▸ **What the task asks**
Setting pictures aside, output exactly the lines from the start of the records to the line with "メンバーに向けた全国大会、概要説明", that line included.

=== Section Start ===

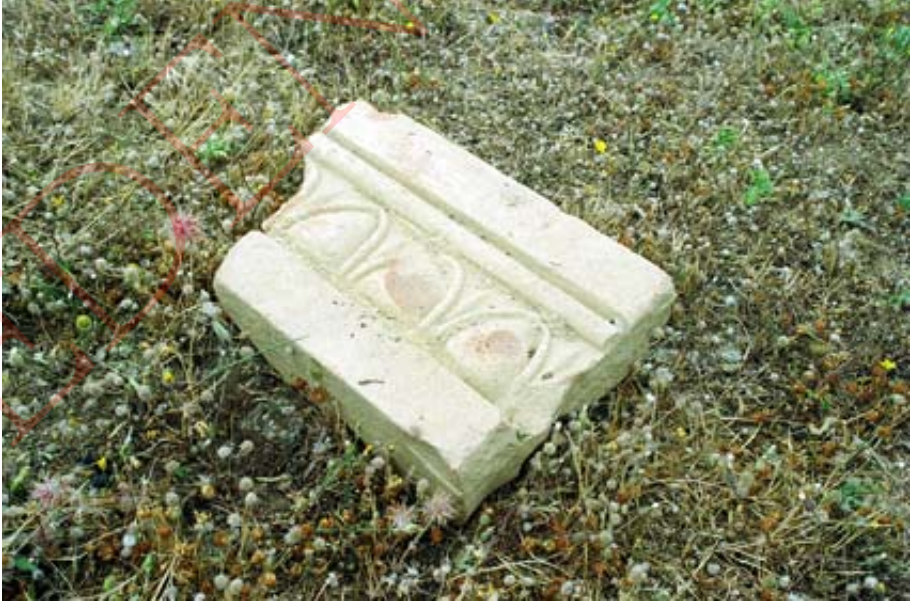
Resim 5: Pişmiş toprak duvar kaplama malzemesi
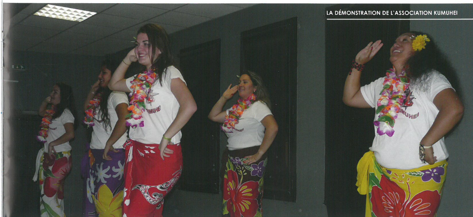
LA DÉMONSTRATION DE L'ASSOCIATION KUMUHEI

Encore merci à toutes les associations qui nous aident pour animer cette magnifique soirée.
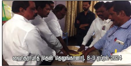
ஹைதராபாத் (தென் தெலுங்கானா), 8-9 ஏப்ரல் 2024
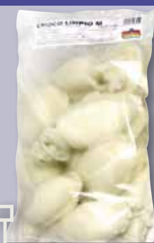
Xoco net 13/20 bossa 750 Gr
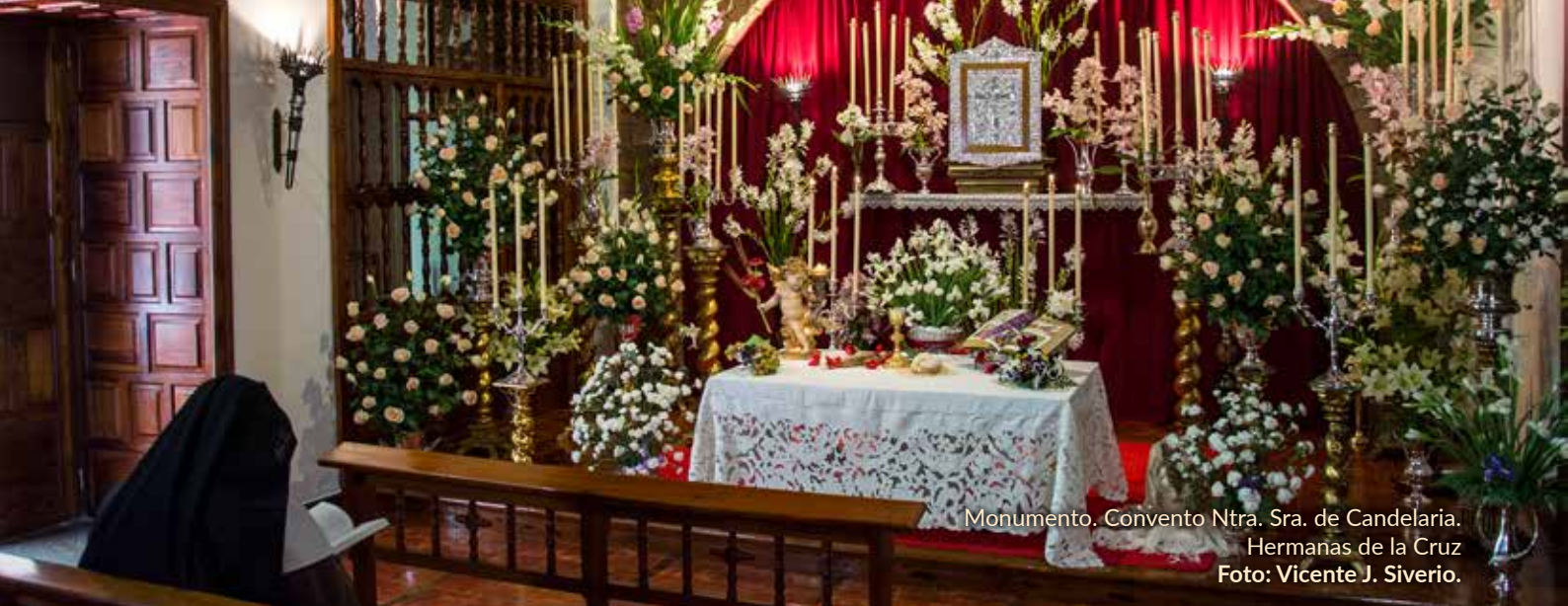
Monumento. Convento Ntra. Sra. de Candelaria. Hermanas de la Cruz
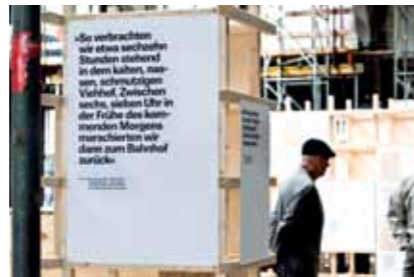
Besucher beim Gang durch die Ausstellung am Tag des offenen Denkmals
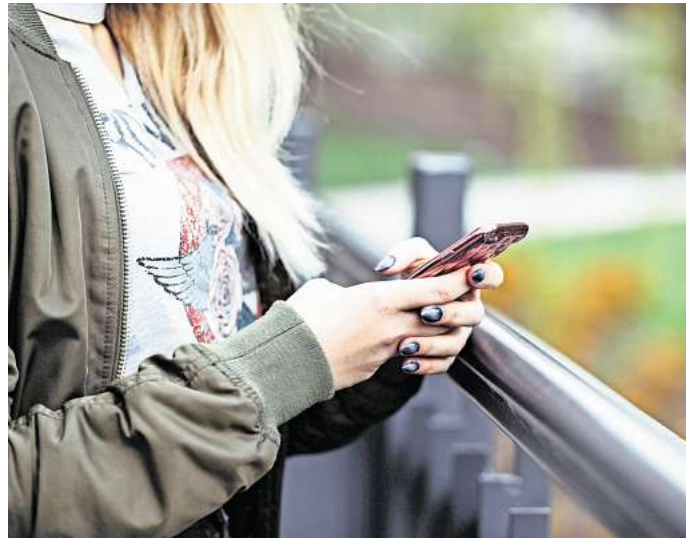
Symbolfoto: Handynutzerinnen und -nutzer können zahlreiche Sicherheitsvorkehrungen treffen, um ihre Daten zu schützen.

Andere Optionen zum Entsperren sind Fingerabdrücke, Gesichts- und Iris-Scanner. Diese Methoden sind aber fehleran-
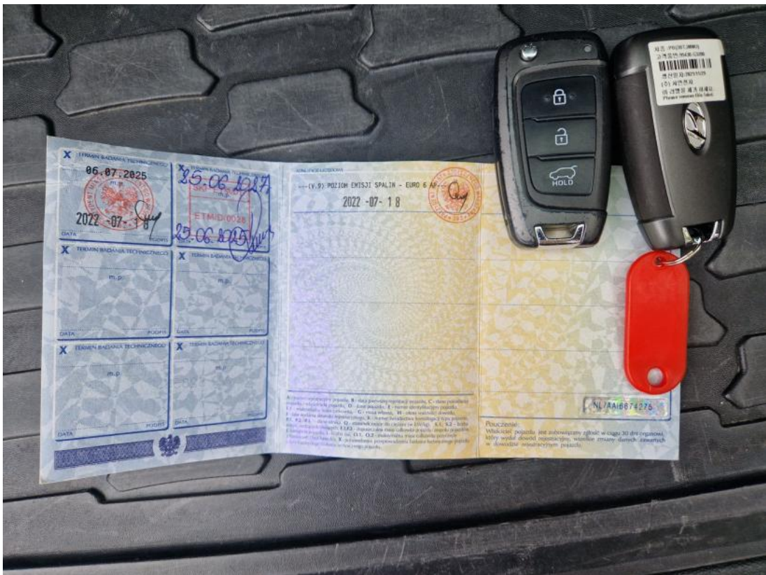
Fot. 33 Dow. Rej. Str.2 i klucze
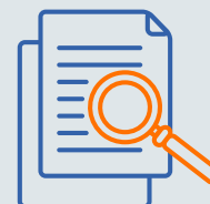
SCHRITT 5 Gründungsprüfung
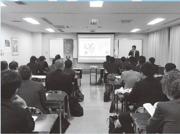
メンバーに向けた全国大会、概要説明

5月15日恵那商工会議所にて5月例会「全国大会・説明例会」として、平成30年2月に開催される、全国大会岐阜かかみがはら大会の概要や恵那YEGとしての役割について会員に説明しました。例年、ゲストとして全国大会に参加する立場から今年度はホストとして全国各地から集まるYEGメンバーをどのようにもてなすのか等を考え、参加総数6,000人規模の大会の大きさを再認識するとともに開催迄の10カ月を担当者のみならず会員一同、一致団結して取り組む為の士気を高める良い機会となりました。
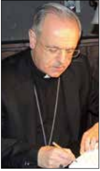
Monseñor Lemos Montanet Bispo de Ourense

A pocos días del comienzo del verano, cuando las circunstancias climatológicas comenzaban a ser más benignas, grupos numerosos de inmigrantes, procedentes de 31 países, la mayoría africanos, de Sudán, Argelia, Eritrea y Nigeria, con una representación minoritaria de países asiáticos como Afganistán y Pakistán, se hicieron presentes en el antiguo Mare Nostrum ¡resulta curioso el nombre antiguo del Mar Mediterráneo!
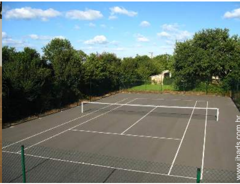
Ténis - superfície dura
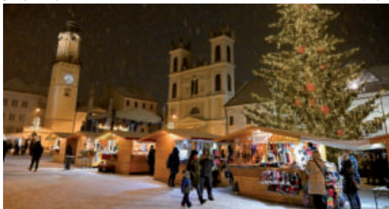
Vianočné trhy v Banskej Bystrici.

Stánky na Hlavnom vianočnom trhu sa otvoria už 21. novembra a vianočná atmosféra zostane po prvýkrát v hlavnom meste až do sviatku Troch kráľov. Trh bude zatvorený iba tri dni počas vianočných sviatkov. Na Hlavnom a Primaciálnom námestí vyrastie 75 stánkov, gastro a nápoje ponúkne 37 predajcov a predajkyň. Vianočné trhy skrásli majestátna, 12 m vysoká jedľa biela. Ozdobia ju svetelné reťaze a približne 313 gúľ, čip skrásli vianočná hviezda. Silne zastúpený bude aj kultúrny program. Na Františkánskom námestí zaznejú každý piatok a v sobotu spevácke zbory a folklórne súbory. Nedele budú venované vianočným koncertom. Na dôležité dni adventu spátými s typickými zvykmi a obradmi, ako sviatkov

=== Section End ===

▸ **Reply to the exercise**
Resim 5: Pişmiş toprak duvar kaplama malzemesi
LA DÉMONSTRATION DE L'ASSOCIATION KUMUHEI

Encore merci à toutes les associations qui nous aident pour animer cette magnifique soirée.
ஹைதராபாத் (தென் தெலுங்கானா), 8-9 ஏப்ரல் 2024
Xoco net 13/20 bossa 750 Gr
Monumento. Convento Ntra. Sra. de Candelaria. Hermanas de la Cruz
Besucher beim Gang durch die Ausstellung am Tag des offenen Denkmals
Symbolfoto: Handynutzerinnen und -nutzer können zahlreiche Sicherheitsvorkehrungen treffen, um ihre Daten zu schützen.

Andere Optionen zum Entsperren sind Fingerabdrücke, Gesichts- und Iris-Scanner. Diese Methoden sind aber fehleran-
Fot. 33 Dow. Rej. Str.2 i klucze
SCHRITT 5 Gründungsprüfung
メンバーに向けた全国大会、概要説明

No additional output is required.